The idea that meaning consists of associations is extremely primitive. It works for concrete nouns and verbs but it quickly fails as things get more complex. Language is used to refer to refer to abstract things, imaginary things, counterfactual situations, etc. And even if you do arrive at a series of concepts using associations, you have to understand how they are supposed to combine, even for completely novel sentences. In all these cases, there's arguably nothing there to associate with. I can't answer your question (I think no one can), but we can conclude that meaning is more than associations.
Isn't that Chomsky's argument here (in this article, not in his approach to linguistics in general)? -- That it is a good idea to try to find a better understanding of how the internal mechanisms work so we can build or simulate it better. You do that with carefully constructed experiments not with just observing inputs and outputs and training a neural network or a Markov model with it.
Please argue that there is nothing to associate with.
Why is a real observation from your senses more privileged inside your brain that a random well-formed value by a (hypothetical) random number generator neuron?
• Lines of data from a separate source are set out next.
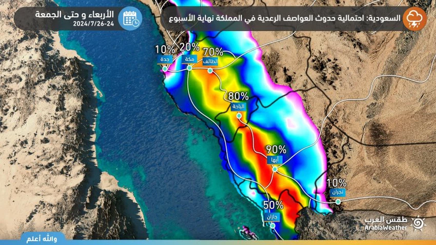 و قال المُتنبئون الجويون في مركز طقس العرب بأنه يُتوقع أن تتدفق كتل هوائية رطبة للغاية للمنطقة الجنوبية الغربية من المملكة بدءاً من نهاية الأسبوع و يستمر هذا التدفق لِعّدة أسابيع و هو مرافق لتقدم ما يعرف بالفاصل المداري الوهمي (ITCZ)، بحيث تتكاثر السُحب الركامية فترة ما بعد الظهر و المساء على مُرتفعات جازان و عسير و الباحة و وصولاً لشرق مكة المكرمة و الطائف و تتسبب بهطول أمطار رعدية مُتفاوتة الغزارة قد يصحبها تساقط البَرَديات في بعض النطاقات، مما يؤدي إلى جريان كبير للأودية و الشعاب و ارتفاع منسوب المياه.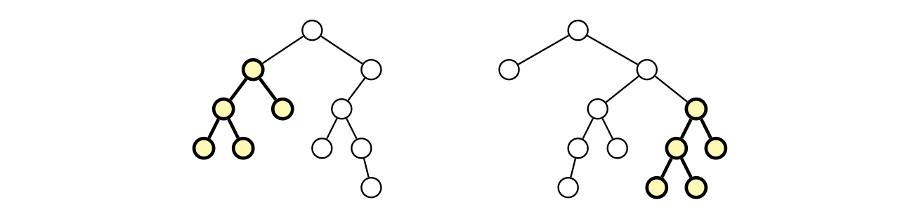 \(T\) を \(n\) 頂点の根付き二分木、\(k \leq n\) を正の整数とします。 \(T\) の頂点のうち \(k\) 個に印をつけて、全ての頂点のなるべく近い祖先に印をつけた頂点があるようにしたいとします。きちんと言うと、\(T\) の頂点の部分集合 \(K\) に対するクラスタリングコストを次のように定義し、これを最小化します: \[ \mathit{cost}(K) = \max\limits_{v} \mathit{cost}(v, K) \] ここで \(\max\) は木に含まれる全ての頂点に関する最大値を表し、\(\mathit{cost}(v, K)\) は \(v\) から \(K\) に含まれる一番近い \(v\) の先祖までの距離です: \[ \mathit{cost}(v, K) = \begin{cases} 0 & \text{if } v \in K \\ \infty & \text{if } v \text{ が } T \text{ の根でかつ } v \notin K \\ 1 + \mathit{cost}(\mathit{parent}(v)) & \text{それ以外} \end{cases} \] この定義から、\(K\) が \(T\) の根を含まないならば \(\mathit{cost}(K) = \infty\) であることが分かります。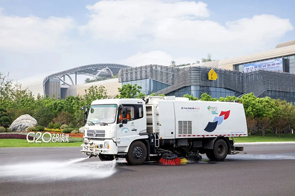 2016年,杭州G20峰會(huì ),“福龍馬”牌洗掃車(chē)在場(chǎng)館周邊進(jìn)行道路保潔服務(wù)工作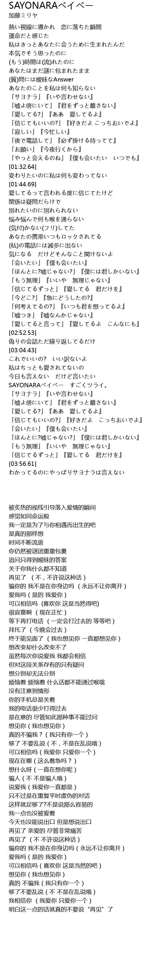 | [03:22.32] | 「サヨナラ」『いや言わせない』 |

I argued that if you only have associations with previous experiences, you won't be able to deal with novel input. Ergo, you need more than just associations (synthesis, imagination, counterfactual reasoning, etc.).
As to your second question, I don't see how it relates to my argument, but I'll answer anyway. If you're comparing a observation to a random number, you're looking at the observation qua value, in which case it has the same status. If, however, you look at the level of interpretation (what it means in your brain), the observation has a complex set of relations with the rest of your brain and gives rise to a perception, wheres the random number value is just noise that has to be tolerated by the brain.
Saying everything is just probabilistic associations is like saying everything is made from quanta of energy and thus every higher level concept or model is useless -- just simulate the quarks and you are set. Not only that -- simulate it by recording and observing the energy patterns going in and coming out of a black box.
Yes you can get some things to work and some to work well but the idea is that perhaps there is a better model that describes the mechanism or the encoding of meaning. That's what Chomsky is trying to say in this particular article. Some stopping at a brute force approach is a fine engineering approach but that doesn't mean everyone should, it is still worth trying to find a better model for it, if at least, just to gain an understanding.
It's skyhooking. Given enough time and enough compute power, we should be able to completely simulate it. It may not be economically feasible, and it may take a long time.
I had the same notion from the first part of the interview - wondering whether Chomsky would actually bring something to the table to "unriddle" this mystical machine in our head. Leaving his aversion to computational systems aside, I believe he makes a good point about our language being computationally inefficient (at least externally). maybe his insight [that our language is computationally inefficient] can be explained by molecular mechanisms that are efficient in terms of energy consumption (rather than on a computational level). looking which neural systems are most likely to evolve given a simple genetic code and reengineering (computationally inefficient and obscure) algorithms based on that might provide some valuable insight into the human brain - whereas probability measures alone might fail to explain underlying mechanisms.
I don't think you fairly represent Chomsky's theories about language, nor do I think you really understand them. There's no magic, and there's nothing even remotely ridiculous about language between a genetically-encoded instinct. Human beings have evolved complex brain modules which allow us to rapidly acquire complex combinatorial language systems. Language is to humans as hunting is to lions: a highly-evolved, highly-adaptive instinct.